* To do *
Once the pictures are set aside, reproduce the entries below exactly.

* The input *
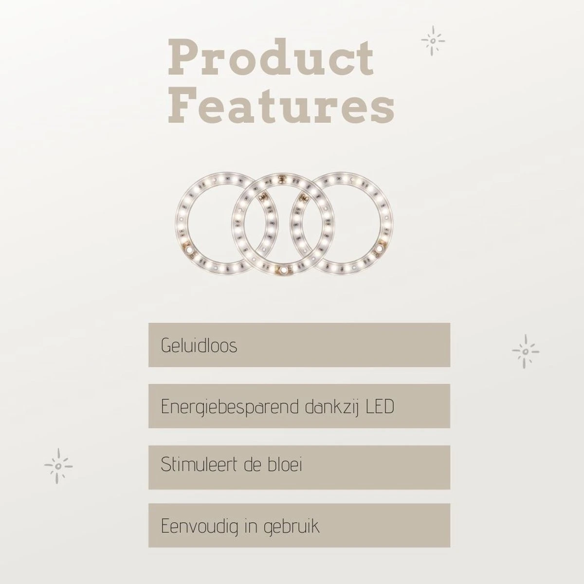 De groeilamp bevat drie ringen met warm witte LED chips die de bloei van gewassen stimuleert
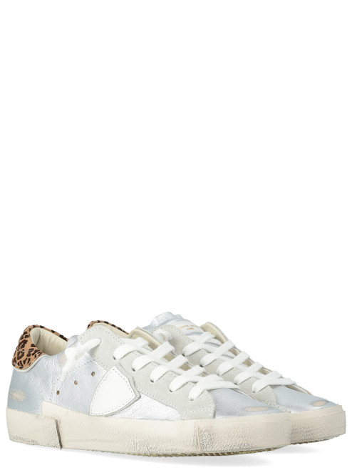 Philippe Model sneakers in silver glitter. Featuring a fluorescent yellow heel tab and side shield in crackled leather. With beige suede inserts and leather logo on the tongue.
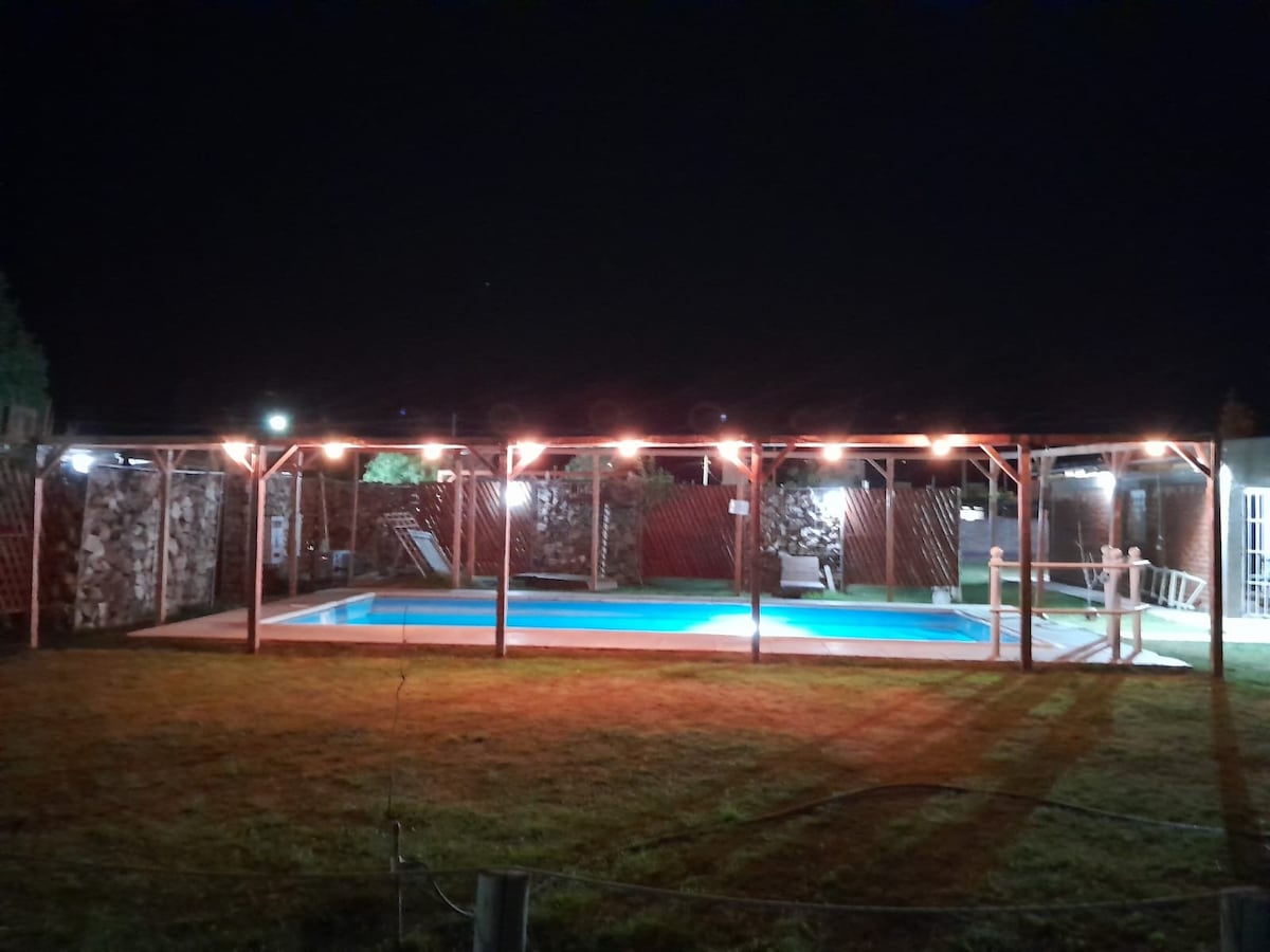 Elegido por quienes disfrutan del campo, noches y amaneceres increíbles, aromas únicos. La casa brinda las comodidades para disfrutar en familia y con amigos, son 3 dormitorios equipados con 4 camas individuales y 2 matrimoniales (opcional ropa de cama) cocina equipada con vajilla, solo debes llevar los alimentos. En el sector de la parrilla hay un horno a leña para disfrutar. Extenso parque exterior de 1500m2 y la pileta se pude disfrutar de día y noche.
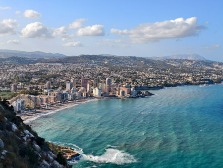 Aerial view of Calpe's coastline with turquoise waters and sandy beaches, Comunidad Autonoma de Valencia
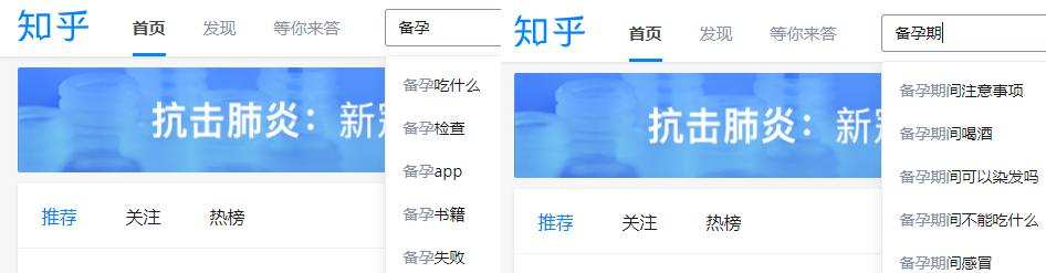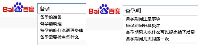 可以看到不同的关键词搜索结果不同,不同的平台关键词搜索下拉框也不同,这样随便换几个关键词,换几个平台搜索下,基本都能知道备孕期间的人有什么需求,这么简单的问题不需要多说吧?
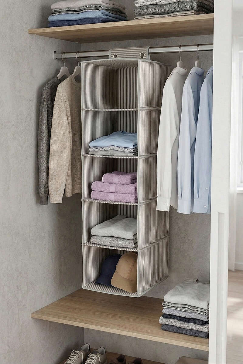 Dolabınızda yer açmanın en şık yolu! Katlanabilir giysileriniz, havlularınız veya çantalarınız için ekstra raf alanı yaratan bu düzenleyici, modern çizgili deseniyle gardırobunuza düzen ve estetik getirir.
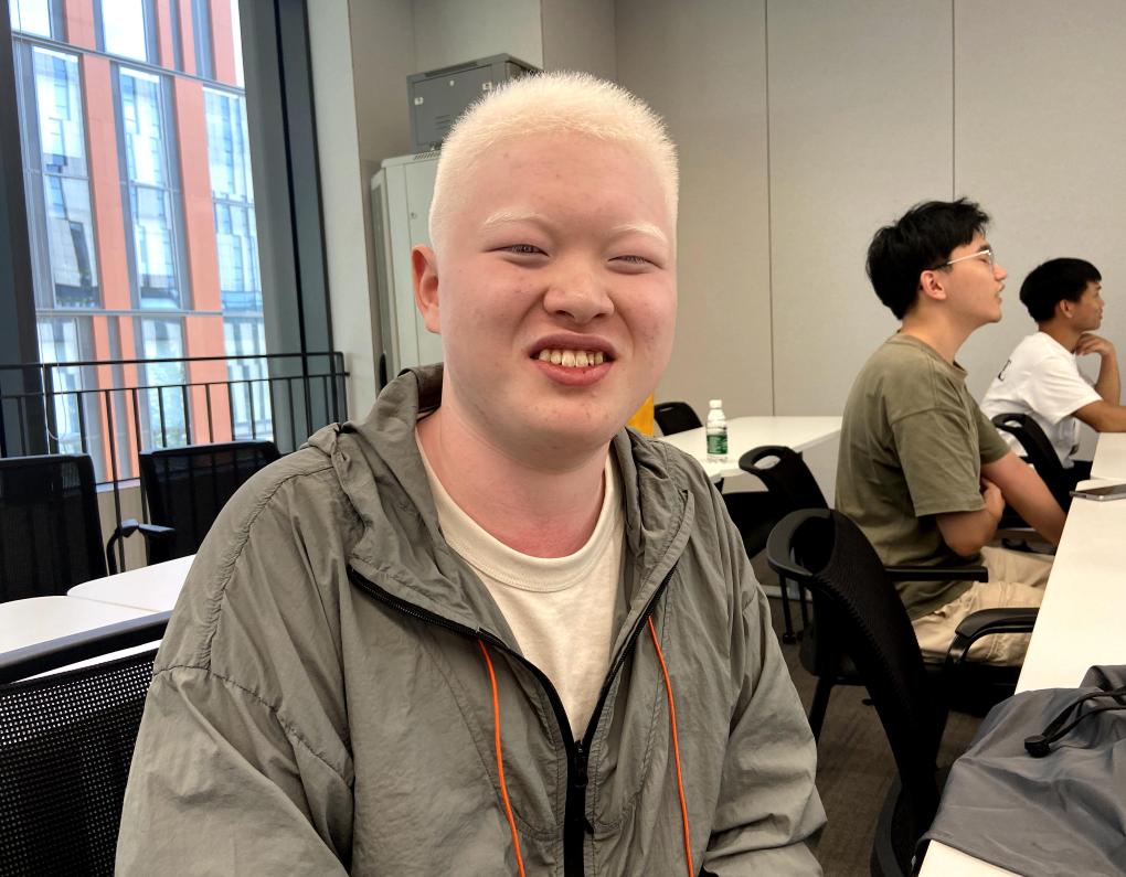 14日,在清华大学2024级本科新生报到新闻发布会上,此前被媒体报道的“用望远镜看黑板”的男孩张艺瑄充满自信地跟在场师生和媒体介绍着自己。患有先天性白化病的他,因视力严重损伤,说话时不断眯眼、闭眼,但仍乐呵呵地回答大家提出的问题。
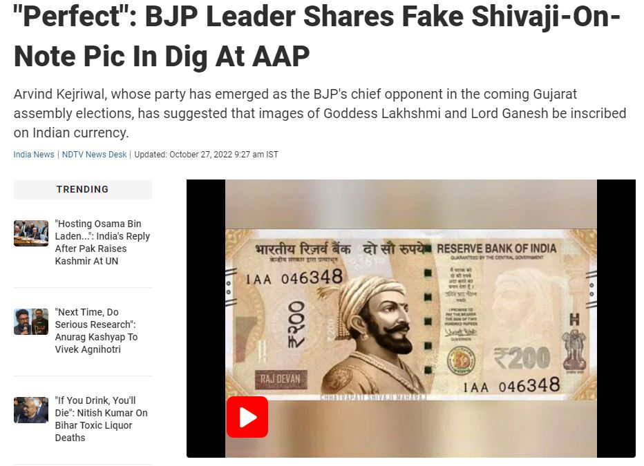 दावे की सत्यता जानने के लिए हमने कुछ कीवर्ड्स की मदद से गूगल सर्च किया। हमें एनडीटीवी की वेबसाइट पर अक्टूबर 2022 में छपी एक रिपोर्ट मिली। रिपोर्ट के अनुसार, महाराष्ट्र से बीजेपी के विधायक नितेश राणे ने शिवाजी महाराज की फोटो को नोट पर छापे जाने का सुझाव दिया था। राणे ने 200 रुपये की एक एडिटेड तस्वीर साझा की थी, जिसमें छत्रपति शिवाजी महाराज की फोटो लगी थी। रिपोर्ट में बताया गया है कि दिल्ली के मुख्यमंंत्री अरविंद केजरीवाल द्वारा नोटों पर गणेश-लक्ष्मी की फोटो छापे जाने के मुद्दे के बीच उन्होंने ये तस्वीर साझा की थी।
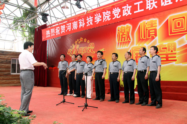联谊会上,校党政领导与大家同欢同乐,一起进行了“欢腾脚步”、“摸石头过河”、“凝聚团队”、“步调一致”等素质拓展活动。校党政全体领导还登台合唱了《团结就是力量》,各分会也积极参与,表演了精彩的文艺节目。
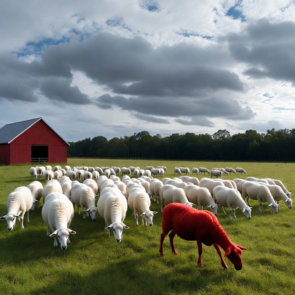 animals, barn, clouds, cloudy sky, colorful sheep, farm animals, field, grass, grazing sheep, green grass, livestock, outlier sheep, red barn, rural farm, sheep flock, sheep herd, sheep pasture, sky, trees, white sheep, red sheep
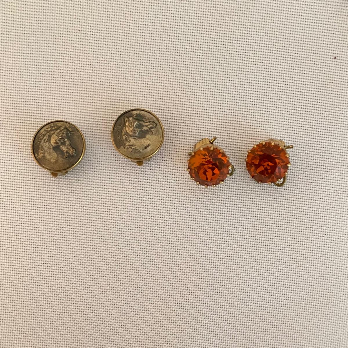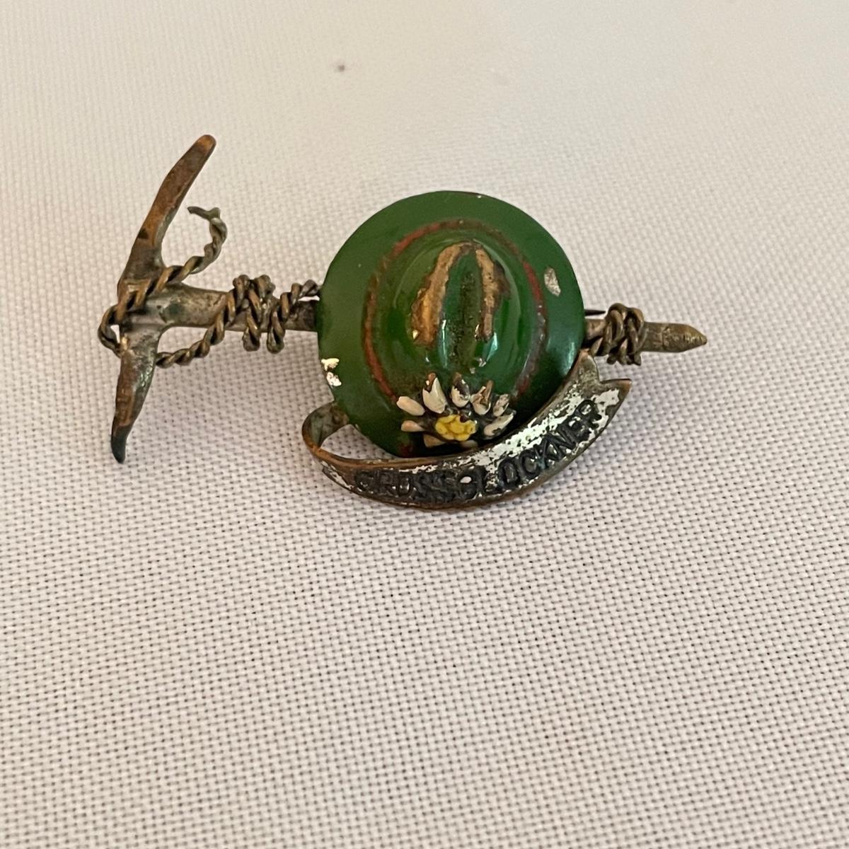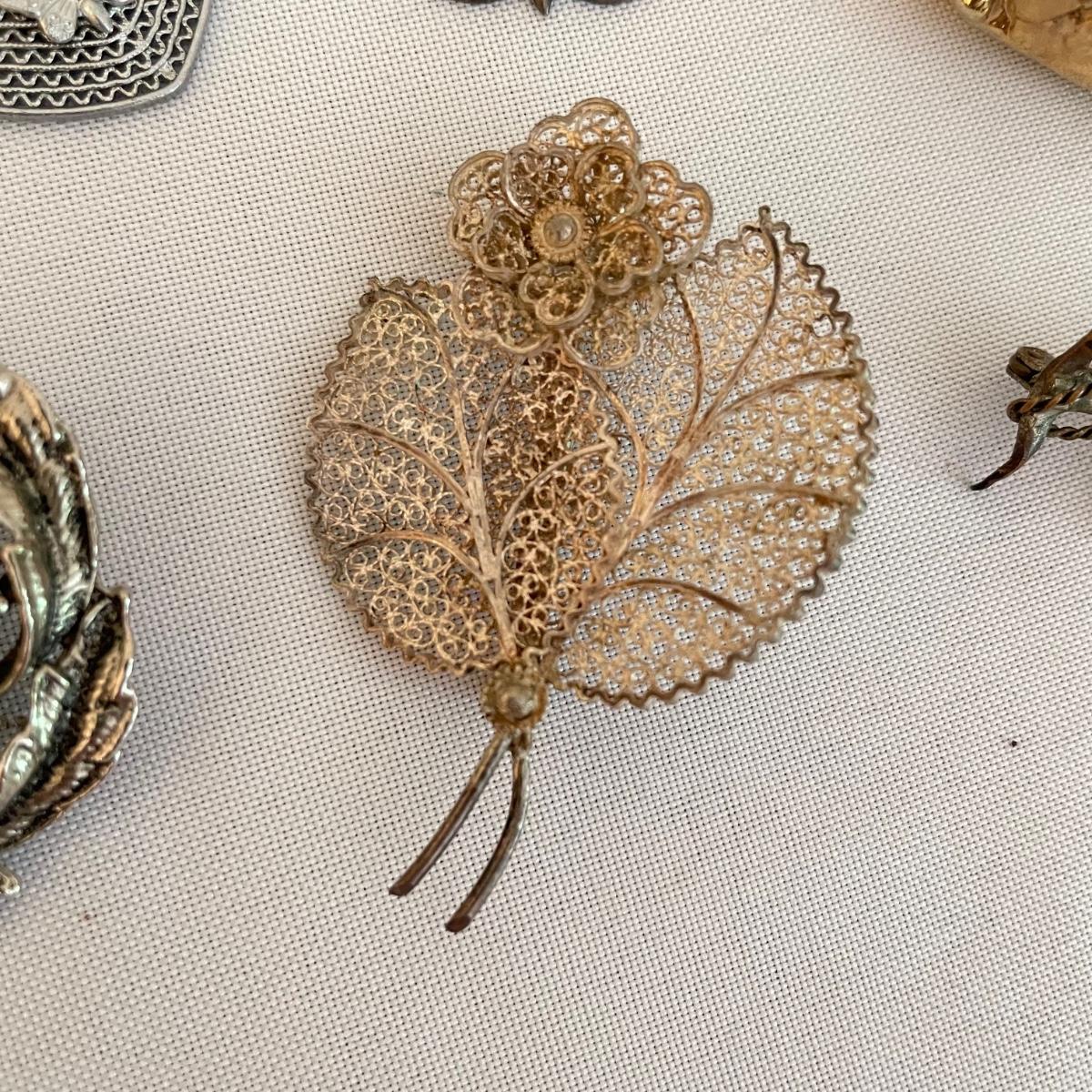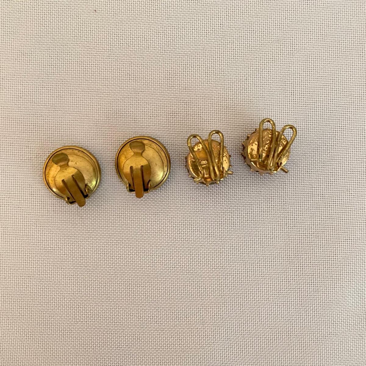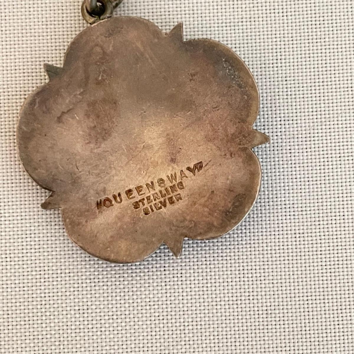 Vintage jewelry including a Sterling and enamel pendant by McQueen Way, two pairs of clip earrings, multiple brooches, three clips, six vintage buttons, and a long thick bright gold colored chain. See images. Shipping available.

* Written solution *
 De groeilamp bevat drie ringen met warm witte LED chips die de bloei van gewassen stimuleert
 Philippe Model sneakers in silver glitter. Featuring a fluorescent yellow heel tab and side shield in crackled leather. With beige suede inserts and leather logo on the tongue.
 Elegido por quienes disfrutan del campo, noches y amaneceres increíbles, aromas únicos. La casa brinda las comodidades para disfrutar en familia y con amigos, son 3 dormitorios equipados con 4 camas individuales y 2 matrimoniales (opcional ropa de cama) cocina equipada con vajilla, solo debes llevar los alimentos. En el sector de la parrilla hay un horno a leña para disfrutar. Extenso parque exterior de 1500m2 y la pileta se pude disfrutar de día y noche.
 Aerial view of Calpe's coastline with turquoise waters and sandy beaches, Comunidad Autonoma de Valencia
 可以看到不同的关键词搜索结果不同,不同的平台关键词搜索下拉框也不同,这样随便换几个关键词,换几个平台搜索下,基本都能知道备孕期间的人有什么需求,这么简单的问题不需要多说吧?
 Dolabınızda yer açmanın en şık yolu! Katlanabilir giysileriniz, havlularınız veya çantalarınız için ekstra raf alanı yaratan bu düzenleyici, modern çizgili deseniyle gardırobunuza düzen ve estetik getirir.
 14日,在清华大学2024级本科新生报到新闻发布会上,此前被媒体报道的“用望远镜看黑板”的男孩张艺瑄充满自信地跟在场师生和媒体介绍着自己。患有先天性白化病的他,因视力严重损伤,说话时不断眯眼、闭眼,但仍乐呵呵地回答大家提出的问题。
 दावे की सत्यता जानने के लिए हमने कुछ कीवर्ड्स की मदद से गूगल सर्च किया। हमें एनडीटीवी की वेबसाइट पर अक्टूबर 2022 में छपी एक रिपोर्ट मिली। रिपोर्ट के अनुसार, महाराष्ट्र से बीजेपी के विधायक नितेश राणे ने शिवाजी महाराज की फोटो को नोट पर छापे जाने का सुझाव दिया था। राणे ने 200 रुपये की एक एडिटेड तस्वीर साझा की थी, जिसमें छत्रपति शिवाजी महाराज की फोटो लगी थी। रिपोर्ट में बताया गया है कि दिल्ली के मुख्यमंंत्री अरविंद केजरीवाल द्वारा नोटों पर गणेश-लक्ष्मी की फोटो छापे जाने के मुद्दे के बीच उन्होंने ये तस्वीर साझा की थी।
联谊会上,校党政领导与大家同欢同乐,一起进行了“欢腾脚步”、“摸石头过河”、“凝聚团队”、“步调一致”等素质拓展活动。校党政全体领导还登台合唱了《团结就是力量》,各分会也积极参与,表演了精彩的文艺节目。
 animals, barn, clouds, cloudy sky, colorful sheep, farm animals, field, grass, grazing sheep, green grass, livestock, outlier sheep, red barn, rural farm, sheep flock, sheep herd, sheep pasture, sky, trees, white sheep, red sheep
 Vintage jewelry including a Sterling and enamel pendant by McQueen Way, two pairs of clip earrings, multiple brooches, three clips, six vintage buttons, and a long thick bright gold colored chain. See images. Shipping available.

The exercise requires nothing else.